たとえば「デジタルカメラを開発したらどうか」など、新規事業へ挑戦したいという声が社内で出たら、猿渡さんはどのように分析しますか?
猿渡歩(以下、猿渡):今の例でいえば、デジタルカメラの市場は縮小傾向にあるので、そもそも参入するべきなのか、を吟味すると思います。
もちろん、プロ用の本格的な機材を求める人もいますが、スマートフォンのカメラが高機能になってきましたから、気軽に写真を撮りたい人の多くは「スマホで充分」と考えるでしょう。
その状況で参入して「新しい価値を出せるのか?」を慎重に考えると思います。
とはいえ、市場が縮小していたら絶対に参入しないのかというと、そういうわけではありません。
たとえばスマートプロジェクター。
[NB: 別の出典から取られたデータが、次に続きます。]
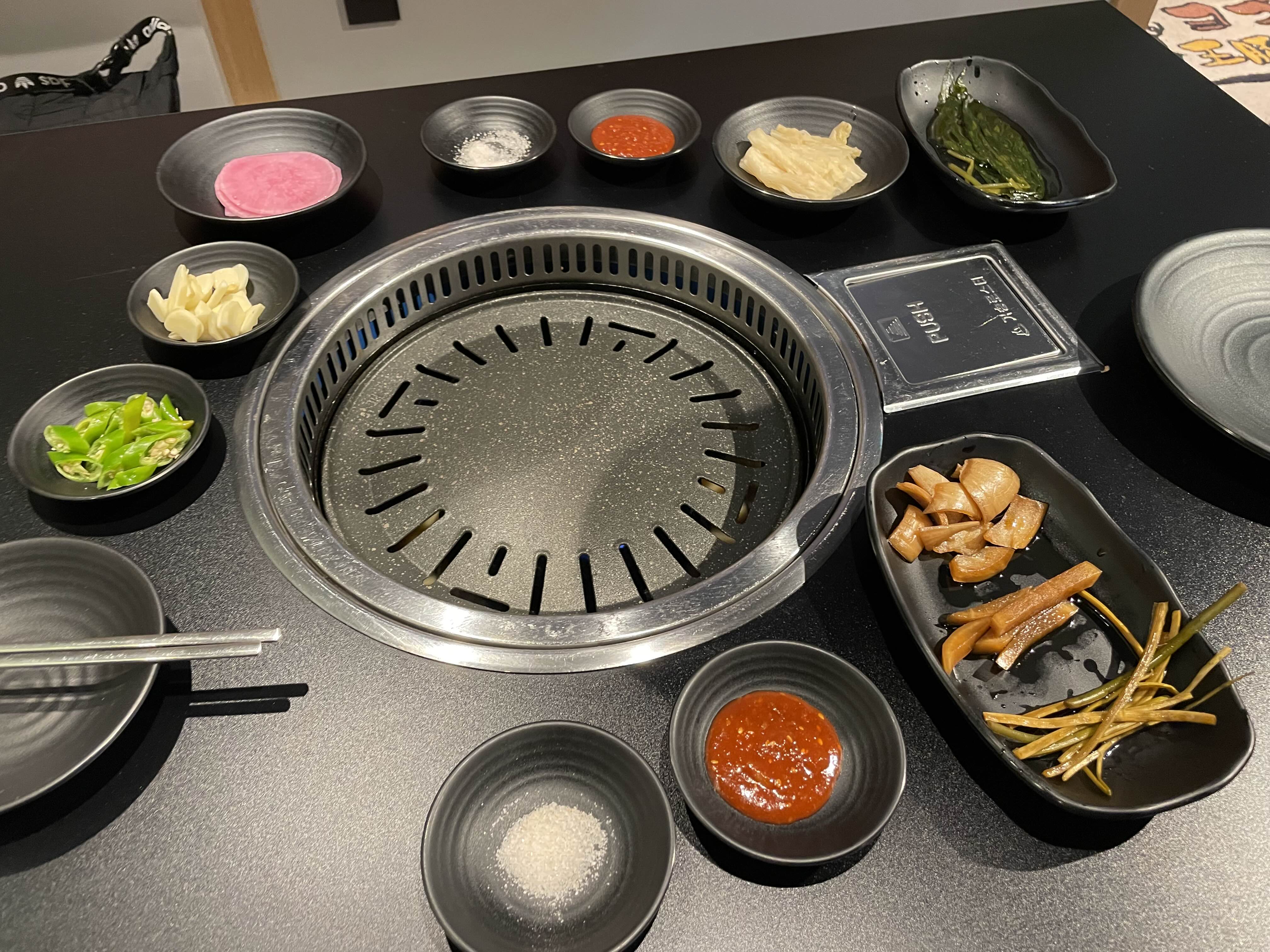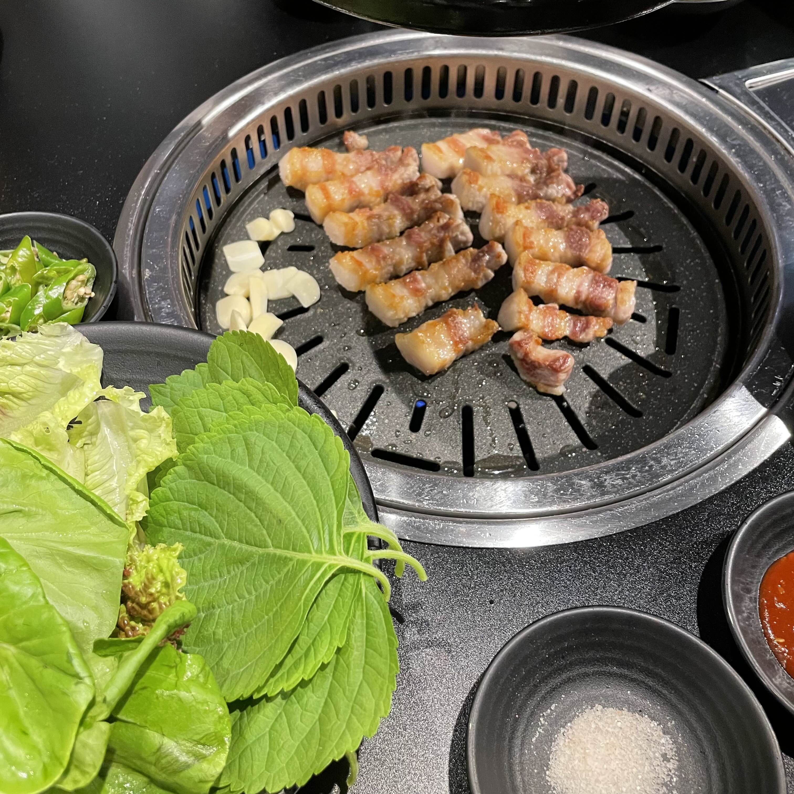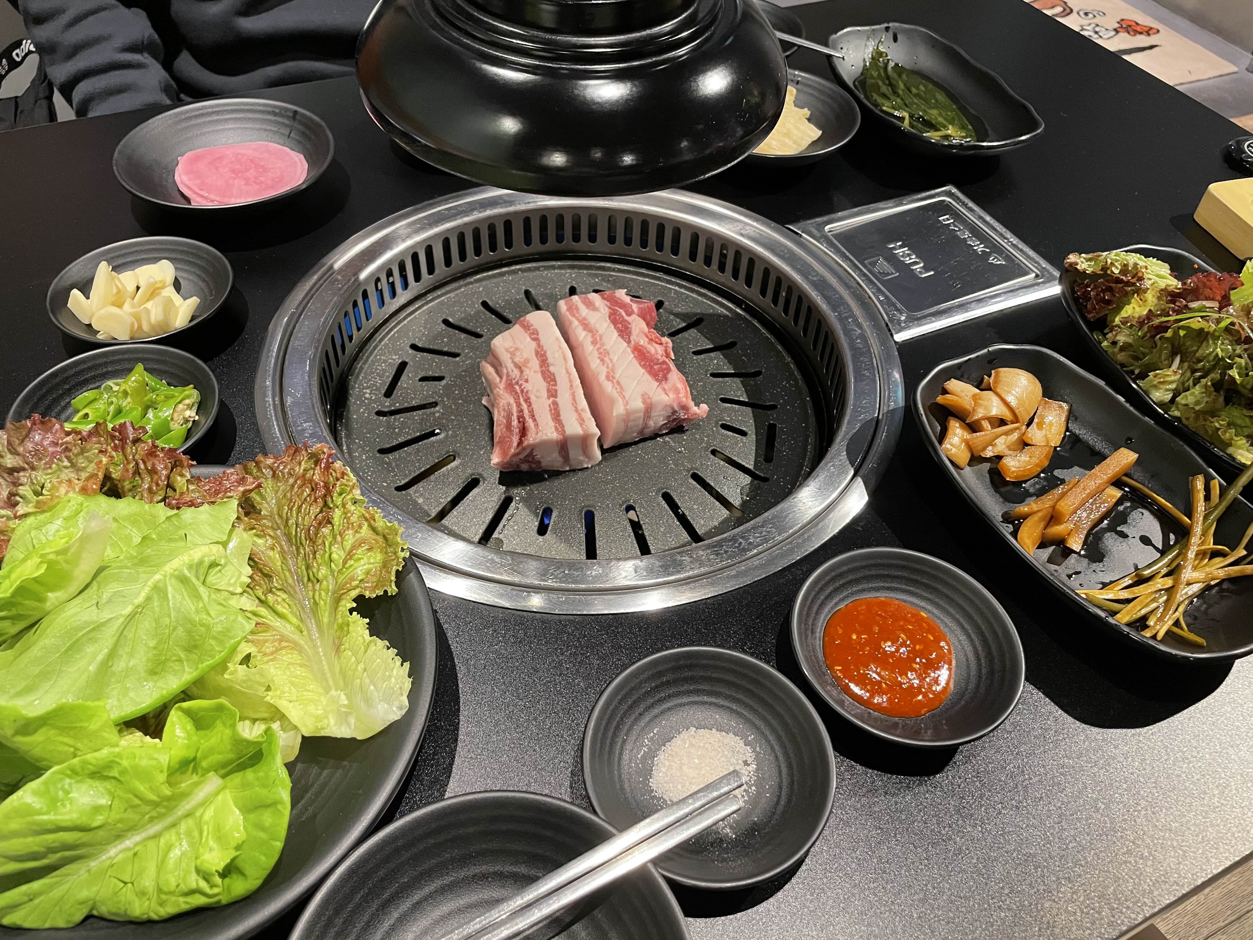 한국에서 삼겹살집 가면 이런 식당 있었는데 한국 느낌 뿜뿜이다.

会議室で使う従来のプロジェクター市場は縮小傾向でしたが、OSが搭載された家庭用プロジェクターの需要は伸びる可能性が高いと考えました。
結果、「Nebula(ネビュラ)」というプロジェクターブランドが生まれ、「スマートプロジェクター」というカテゴリーを新規開拓することに成功しました。
──市場によって、見極めが必要なんですね。
猿渡:どのように分析するのかは『1位思考』にも書きましたが、絶対的な正解がないため難しい部分です。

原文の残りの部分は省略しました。